What do you really mean?
This article is written for you if you use a coaching approach in your leadership role and was first published in Coaching at Work magazine.
Can you remember back to your very first coach training programme?
What aspect of coaching did you find most challenging?
I remember – nearly 23 years ago now – my strong desire to ‘fix it’ (being overly attached to the outcome of the session); thinking about my next ‘good’ question and worrying that if I didn’t make lots of notes I wouldn’t ‘remember’ anything.
So listening and really hearing what was being said (and not said) went right out of the window.
I had no clue how to work with emotions back then, either (never having done any work on my own).
Of course, the more we practise, the more we take our practice to supervision and the more we do the ‘work on ourselves’ whatever that means for each of us, the more effective we become.
If you’re newly trained in coaching skills, you may recognise some of those same challenges as your own.
But I find even the most experienced coaches can fall into those traps particularly when we’re busy or in a rush.
Something I’ve noticed again and again with my own coaching clients and with the leaders on my Lead with Confidence programmes is the assumptions we make in the coaching space.
Maybe it’s our interpretation of words or phrases. (For example, when someone says ‘I’m a prolific people pleaser’ we ‘think’ we know what they mean, we ‘think’ they want to change it (do they?!) and we ‘think’ we know how to ‘help’ them with our coaching.
Let me give you another example.
My client Jake, head of a growing start-up, was concerned that one of his team had mentioned in three different conversations and emails that she was ‘overwhelmed’.
He was concerned but also frustrated as, in his mind, her productivity wasn’t great and on one occasion when he’d contacted her during the day she’d been catching up on Succession. (‘Well, it’s on in the background’ she said hurriedly when he questioned it!).
He came onto our coaching call wanting to ‘help’ her but also to raise his concerns about her output (or what he saw as lack of it).
But the thing is – he had not yet discovered what that word ‘overwhelm’ meant to her. How it looked, sounded, felt. When it showed up. How it showed up. The impact it had. What she did or didn’t do as a result. Whether it meant she felt a ‘bit busy’ or ‘had a lot on’ or was close to burnout or something else entirely.
‘First seek to understand……… what words or phrases mean to someone else’ is a useful aide-memoire.

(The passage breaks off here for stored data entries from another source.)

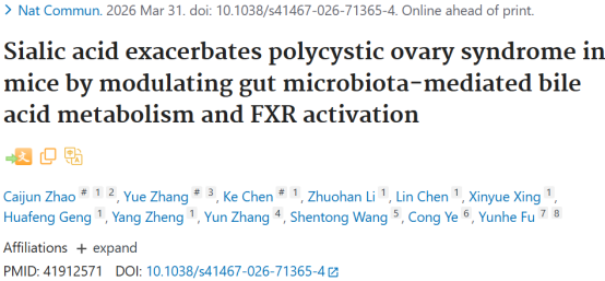 唾液酸通过肠菌胆汁酸代谢及FXR激活,加剧PCOS
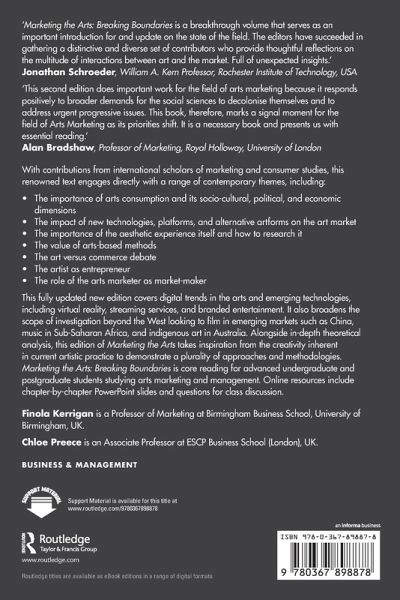 This fully updated new edition covers digital trends in the arts and emerging technologies, including virtual reality, streaming services, and branded entertainment. It also broadens the scope of investigation beyond the West looking to film in emerging markets such as China, music in Sub-Saharan Africa, and indigenous art in Australia. Alongside in-depth theoretical analysis, this edition of Marketing the Arts takes inspiration from the creativity inherent in current artistic practice to demonstrate a plurality of approaches and methodologies. Marketing the Arts: Breaking Boundaries is core reading for advanced undergraduate and postgraduate students studying arts marketing and management. Online resources include chapter-by-chapter PowerPoint slides and questions for class discussion.
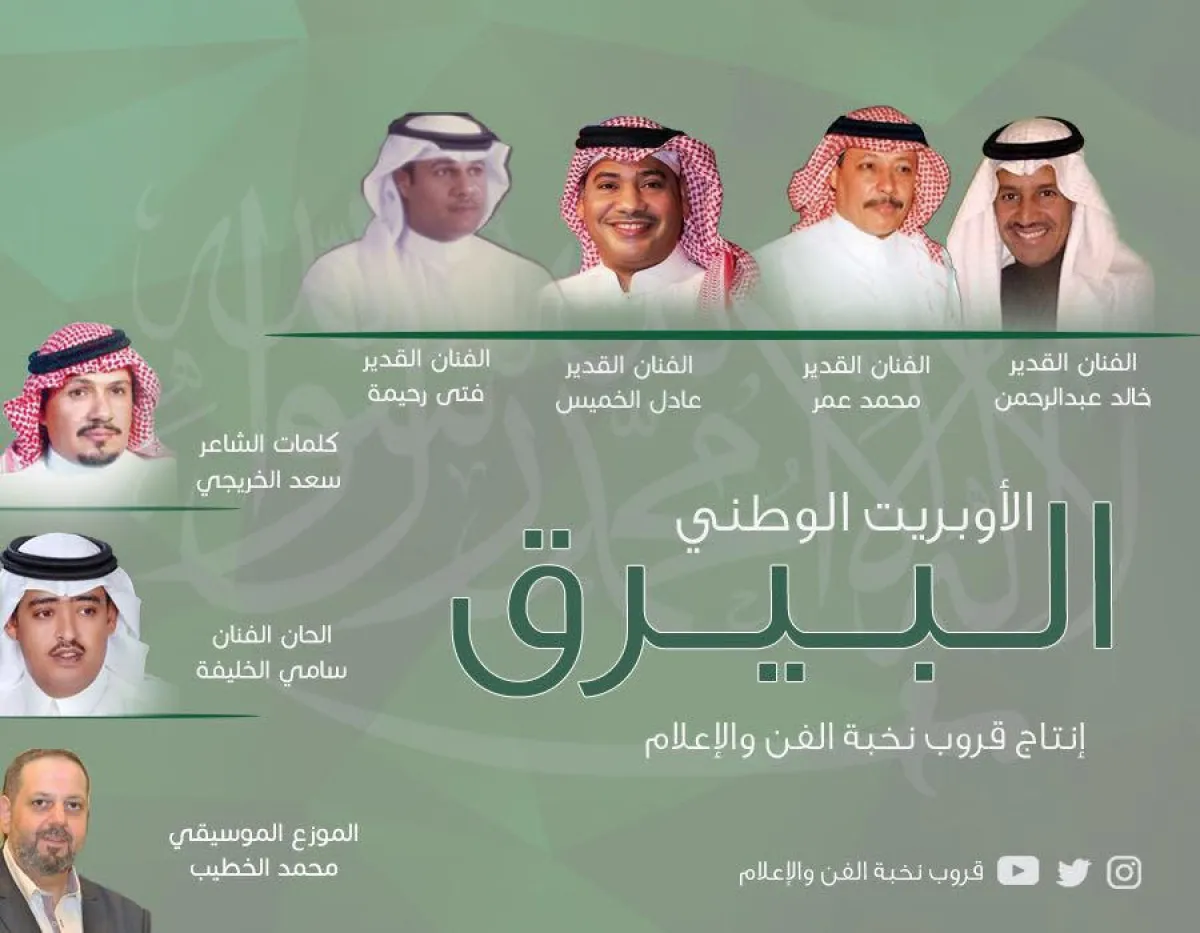 من كلمات الشاعر سعد الخريجي انتهى الملحن الفنان سامي الخليفة الأوبريت الوطني "البيرق" من إنتاج "قروب نخبة الفن والإعلام"، وشارك فيه أربعة من نجوم الغناء السعودي، وهم محمد عمر وخالد عبد الرحمن وفتى رحيمة وعادل خميس، وتوزيع موسيقي للفنان محمد الخطيب.
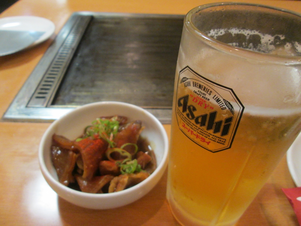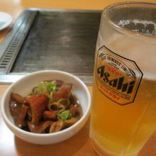 ねぎのせのブタ玉が焼き上がるまで、牛すじの煮込みでビールを楽しみました。
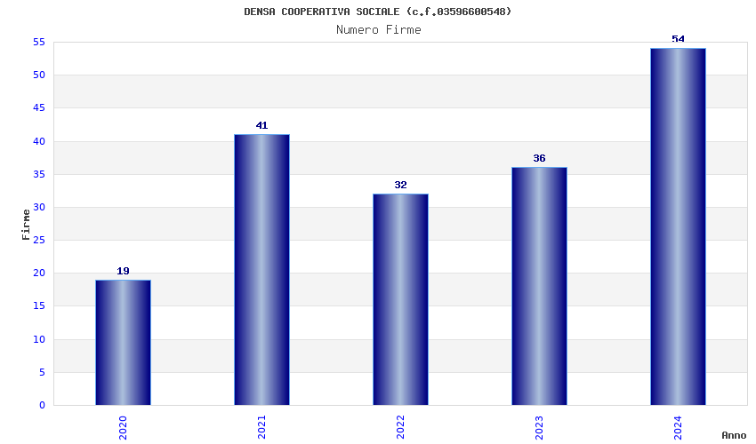 | Anno | Firme | Importi | Media | Naz. | Reg. | Prov. | Comu. |

We tend to ‘assume’ we understand words like ‘overwhelm’ but of course we are seeing the word from our own perspective and map of the world rather than exploring the other person’s perspective and meaning. So we’re interpreting and coming to conclusions rather than exploring further.
Another example – how often have you received feedback about something but you’re not actually sure what is meant? Or you’ve made an assumption about the meaning. (This happens frequently in 360-degree feedback reports, I find!).
One of my clients was frustrated that she was getting ‘bombarded’ by emails from her team members and she felt stuck in the operational detail as a result.
When we unpicked this, it transpired that my client had told her team that she likes to be ‘kept in the loop’ and the team members had assumed that to mean ‘tell her everything that’s going on.’
In this case, if my client had been crystal clear on what she meant by being ‘kept in the loop’ this situation would never have arisen. (What she actually meant, it transpired, was ‘give me a one paragraph heads-up of how your projects are going’ – who knew?!)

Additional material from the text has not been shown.